[Information shown Boundary: Start]

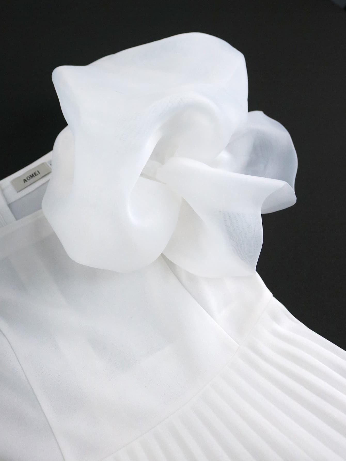Short Puff Sleeve High Waist A Line Pleated A Line Party Gown Dress
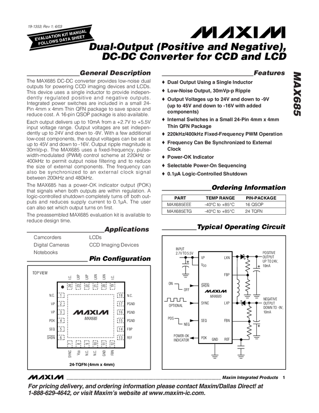 Dual-Output (Positive and Negative), DC-DC Converter for CCD and LCD
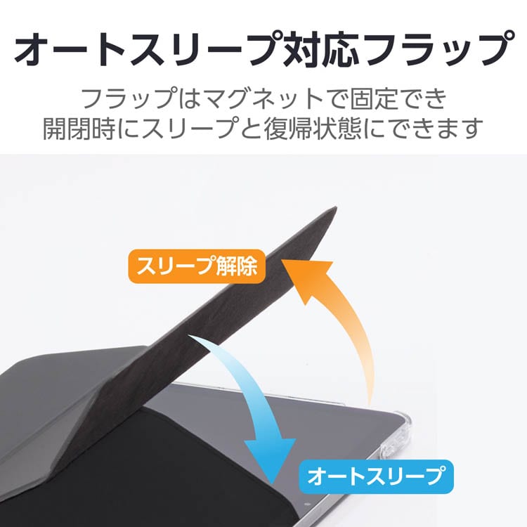 ●不使用時に画面部分を保護するフラップが付いています。フラップを閉じるとスリープモードになり、開けるとスリープから復帰します。
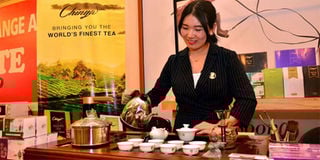 Cathy of Chinya Tea serves some Chinese Tea during the PISHI Indo-Chinese Food Expo held at the Westgate Mall on November 29th 2019. PHOTO | FRANCIS NDERITU | NMG
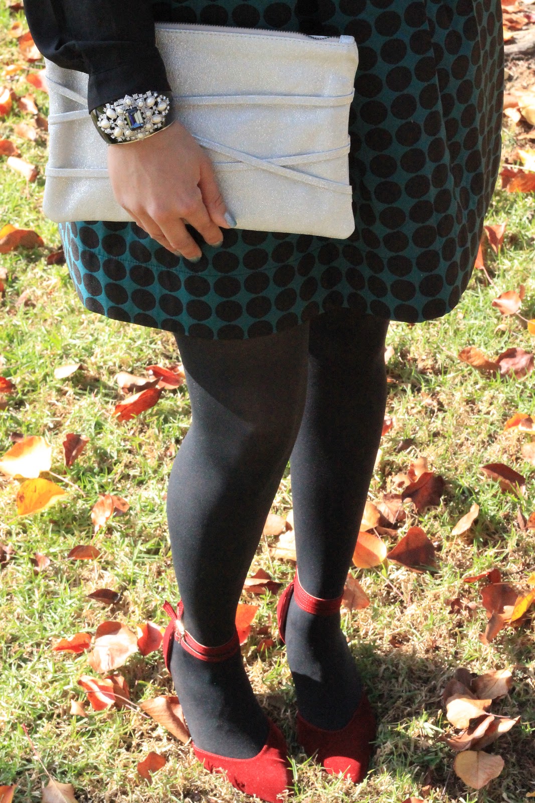 As you may recall from this previous post, I wore this dress to my friends’ wedding and decided to bring it out for another spin. To change up the look, I layered this blouse and blazer over it, added some tights to keep warm and of course the holiday sparkle via this gorgeous Fena clutch in “fairy dust”! Layering over fit and flare dresses is easy because of the proportions and can make a patterned dress like this one versatile.  Hope you enjoy this look, and hope this inspires you to bring out an ol’ dress out of the closet that you can layer over! Stay tuned for more Holiday looks!
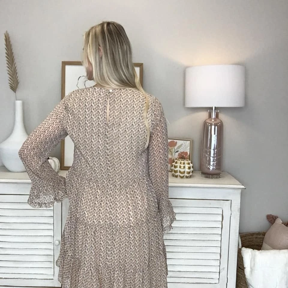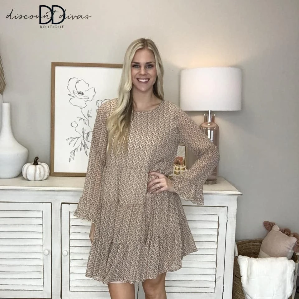 Features: babydoll, tiered dress, long sleeve, floral print, round neck, ruffle detail on sleeve

[Information shown Boundary: End]

### Goal of the exercise
From the first line to the last, please copy the data exactly, with the pictures left out.

### Your response
Short Puff Sleeve High Waist A Line Pleated A Line Party Gown Dress
 Dual-Output (Positive and Negative), DC-DC Converter for CCD and LCD
 ●不使用時に画面部分を保護するフラップが付いています。フラップを閉じるとスリープモードになり、開けるとスリープから復帰します。
 Cathy of Chinya Tea serves some Chinese Tea during the PISHI Indo-Chinese Food Expo held at the Westgate Mall on November 29th 2019. PHOTO | FRANCIS NDERITU | NMG
 As you may recall from this previous post, I wore this dress to my friends’ wedding and decided to bring it out for another spin. To change up the look, I layered this blouse and blazer over it, added some tights to keep warm and of course the holiday sparkle via this gorgeous Fena clutch in “fairy dust”! Layering over fit and flare dresses is easy because of the proportions and can make a patterned dress like this one versatile.  Hope you enjoy this look, and hope this inspires you to bring out an ol’ dress out of the closet that you can layer over! Stay tuned for more Holiday looks!
 Features: babydoll, tiered dress, long sleeve, floral print, round neck, ruffle detail on sleeve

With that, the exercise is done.